BEGIN DATASET RECORDS

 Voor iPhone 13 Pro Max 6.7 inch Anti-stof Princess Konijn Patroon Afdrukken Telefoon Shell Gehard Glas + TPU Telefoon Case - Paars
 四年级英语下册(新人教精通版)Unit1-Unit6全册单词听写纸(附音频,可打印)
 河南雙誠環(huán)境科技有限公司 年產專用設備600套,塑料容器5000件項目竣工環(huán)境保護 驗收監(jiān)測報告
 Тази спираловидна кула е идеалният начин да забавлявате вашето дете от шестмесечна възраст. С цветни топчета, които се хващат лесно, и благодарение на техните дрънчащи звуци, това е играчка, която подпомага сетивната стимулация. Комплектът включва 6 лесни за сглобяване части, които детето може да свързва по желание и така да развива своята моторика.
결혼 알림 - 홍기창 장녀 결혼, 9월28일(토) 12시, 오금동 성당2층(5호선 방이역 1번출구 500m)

END DATASET RECORDS

WHAT YOU NEED TO DO:
The lines from the one containing "Тази спираловидна кула" through the final line of the listing above are all you should set down, exactly as written.

SOLUTION TO THIS PROBLEM:
 Тази спираловидна кула е идеалният начин да забавлявате вашето дете от шестмесечна възраст. С цветни топчета, които се хващат лесно, и благодарение на техните дрънчащи звуци, това е играчка, която подпомага сетивната стимулация. Комплектът включва 6 лесни за сглобяване части, които детето може да свързва по желание и така да развива своята моторика.
결혼 알림 - 홍기창 장녀 결혼, 9월28일(토) 12시, 오금동 성당2층(5호선 방이역 1번출구 500m)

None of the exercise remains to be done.